Очень скоро мудрый старик понял, что глупо искать ученика. Ученик сам найдет учителя, если тот ему понадобится. Но для этого ученик должен родиться с царем в голове.
Тогда Андр ушел из города и поселился в степи у дороги. Он любил смотреть на звезды. Иногда спускался к реке. Ему легко было быть знаменитым, ибо во всем, что он ни делал или ни говорил, люди и демоны усматривали какой-то особый смысл. Андр только пожимал плечами. Все принимали это за пророческий жест.
И вот однажды к костру подошел утомленный юноша. Андр разу же понял, что именно этот юноша стал причиной того, что девушка с синей лентой бросилась в реку.
– Ведь она же не была демоном? – догадался умный юноша.
– Конечно, нет, – ободряюще ответил старик Андр.
Потом юноша лег спать, а старик Андр стал учить его мудрости, зная, что если она нужна юноше, сердце запомнит все и потом передаст спавшему разуму. «… мертвая надежда родит разочарование, мать демона в тебе. Понимаешь? Вот почему демоны облюбовали сердце, оплели его лианами надежды, ослепили лучами веры. А ты включи прожектор разума! И тут же из демона превратишься в человека. Понял?»
Юноша спал. Старик развернул его лицом вверх. Лицо юноши выражало разочарование в любви. «Я только не скажу ему, что демоны так искусно притворяются людьми, что начинают верить в это. На самом деле демон вселяется в них лет в тринадцать. Сам поймет. Потом. Сейчас надежды его так сильны, что родят очень сильное разочарование. А это опасно. Грань хрупка. Демоны не дремлют».
Именно в этот момент старик Андр без сожаления швырнул книгу в костер. Книга была больше не нужна. Он все сказал. Пусть Анатолий напишет такую же книгу. Перед тем как уйти, Андр склонился к огню и что-то зашептал. Память юноши сохранила только два слова: «Царь-огонь, царь-огонь…»
Остальное было не разобрать.
«А девушка все же дура, – размышлял умудренный старик. – Надо бы посмотреть, как она там, в реке. Может, ей удалось превратиться в рыбу? От девушки до рыбы – один шаг».
И старик свернул в сторону реки.
Неизвестно, что стало со стариком. Известно лишь, что люди, впрочем, демоны по сути, видели, как по берегу металась девушка, размахивая котомкой, и что-то жалобно кричала.
Ответа она не получила. Слышалось только журчанье воды, которое, при желании, можно было принять за хихиканье.
Кто над кем смеялся – понять было невозможно.
P.S. Кому. Для тех, кто что-либо понял во всех трех притчах.
Куда. Неизвестно.
Если все же послание дойдет до адресата, просьба связаться с автором и разъяснить ему, автору, смысл сих художественных сновидений.
Хи-хи-хи…
13
Притчи эти были написаны писателем Горяевым, как уже известно читателю, глубоким вечером, после разговора с Оранжем. Пока же их разговор, прерванный на самом интересном месте, далеко не был завершен. Самое интересное только начиналось.

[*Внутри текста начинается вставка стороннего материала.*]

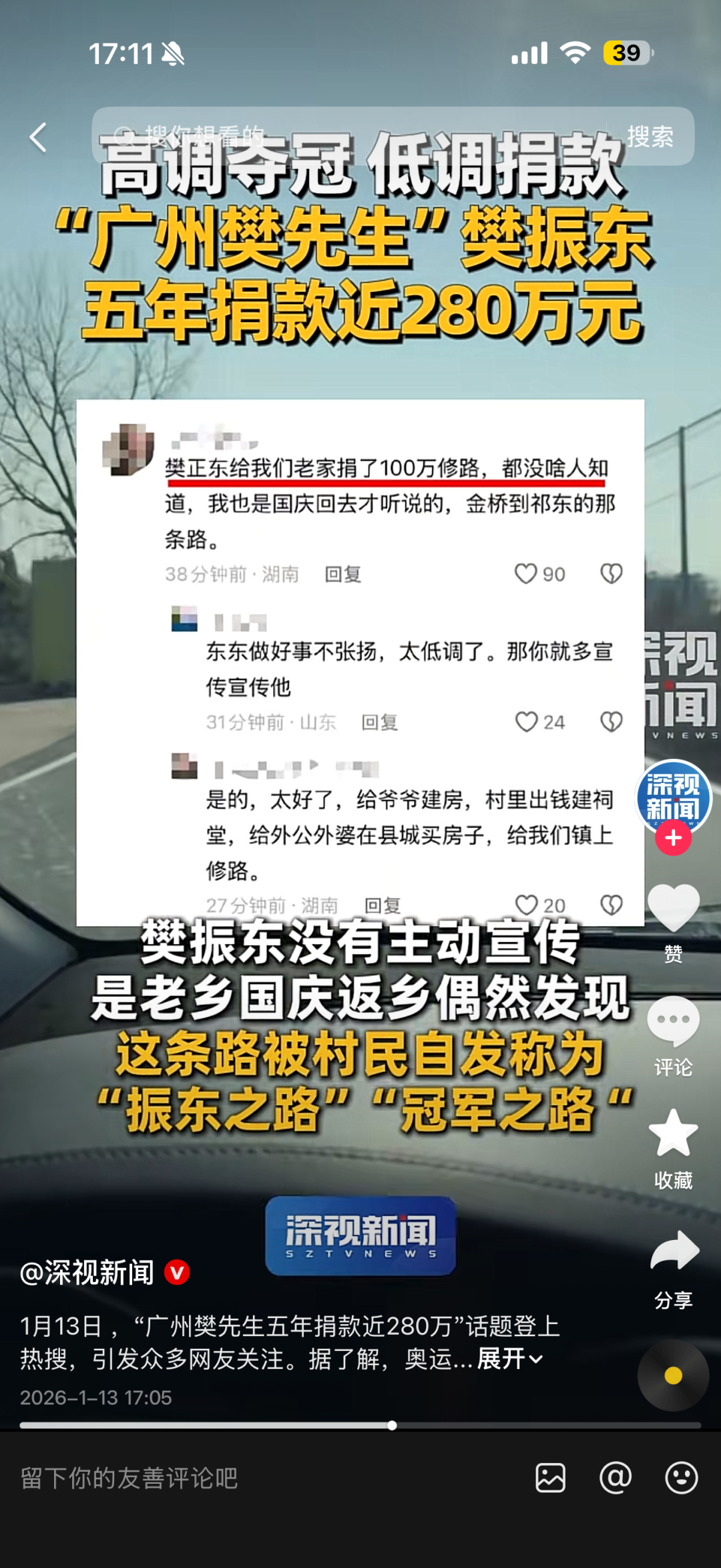2024年德甲赛事20万元奖金全数捐赠;2020年捐出30万元支援武汉抗疫,2023年甘肃地震、河北水灾各捐30万元。五年来,樊振东累计公益捐款近280万元。
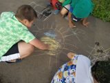 Когда рисуют на асфальте дети!Рисовать цветными мелками, да еще не на бумаге, а на асфальте — это счастье для наших художников. Асфальт расцветал красками, желтое солнце светило неровными лучами, на лугу расцвёл ковёр из разноцветных цветов, рисовали цветы, бабочек, море, природу. Дети очень старались, аккуратно раскрашивая свои рисунки. Никто не скучал, были все заняты творчеством!
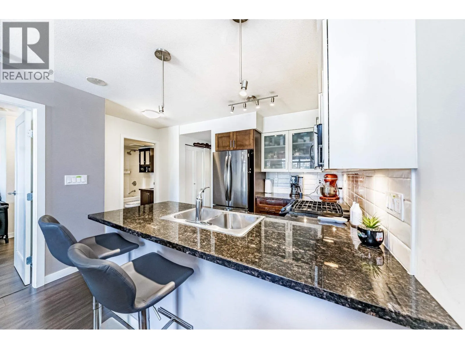Welcome to The Q, located in the heart of waterfront community of the Quay, one of the most vibrant districts of New Westminster! This bright and spacious 1 bed and Den/Flex unit features a functional layout with oversized windows providing sweeping city and mountain views. Spacious kitchen with granite counter top, stainless steel appliances and gas range. Centrally located, providing easy access to a variety of restaurants, shops, cinema, entertainment, transit and public market, steps to Quay Boardwalk! Call today to view! (id:27476)
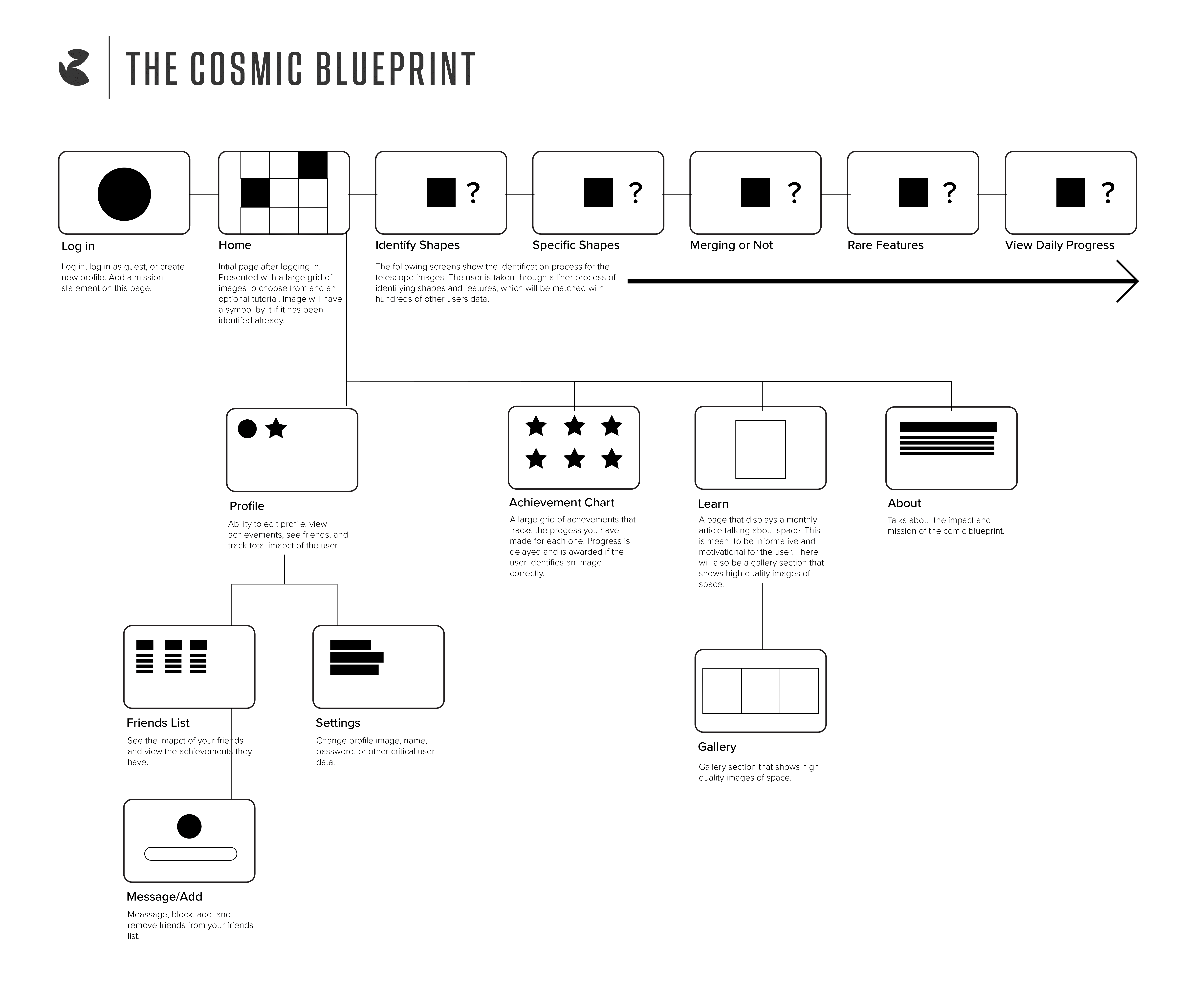 The crowdsourced astronomy app, The Cosmic Blueprint, is a redesign of the popular website Galaxy Zoo. The Cosmic Blueprint has greater consideration for clarity, accessibility, and human motivation. It is important to design the app in such a way that the user is incentivized and motivated to identify as many photos as possible, as having the scientist do this process would take significantly more time.

– Ты ждешь от меня полной искренности, не так ли Леонид Сергеевич?
– Разумеется, полной искренности. Дело нешуточное. Ты что-то не производишь впечатления гаранта светлого будущего, которого достойна моя дочь. На худой конец, какого-нибудь оранжевого будущего.

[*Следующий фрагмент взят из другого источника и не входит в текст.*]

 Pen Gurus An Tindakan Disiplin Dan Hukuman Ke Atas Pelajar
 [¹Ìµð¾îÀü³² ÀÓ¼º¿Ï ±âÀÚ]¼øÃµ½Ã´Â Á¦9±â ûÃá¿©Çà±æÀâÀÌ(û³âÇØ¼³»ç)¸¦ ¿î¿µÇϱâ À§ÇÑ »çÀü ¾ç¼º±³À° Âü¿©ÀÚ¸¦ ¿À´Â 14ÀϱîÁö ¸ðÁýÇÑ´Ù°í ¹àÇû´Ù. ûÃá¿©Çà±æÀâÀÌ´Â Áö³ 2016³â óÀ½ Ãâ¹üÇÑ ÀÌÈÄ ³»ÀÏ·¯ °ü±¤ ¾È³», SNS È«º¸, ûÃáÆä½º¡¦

Как видим, Леонид Сергеевич не стеснялся переходить на личности.
Оранж был нечеловечески спокоен:
– По большому счету мне нечего тебе сказать. Понимаешь? Сейчас я смотрю на себя как на человека, который совершил в жизни серию загадочных поступков. Я ни в чем не уверен. Я как-то… распластан.
– Ладно. Хорошо. У тебя много проблем. У приличных мужиков сегодня немало проблем. Готов даже посочувствовать. Только одна просьба. Не в службу, а в дружбу: оставь Марину. Забудь о ней. И продолжай оставаться загадкой: это ведь так интересно. Загадочно исчезнуть – это был бы неплохой свадебный подарок Марине.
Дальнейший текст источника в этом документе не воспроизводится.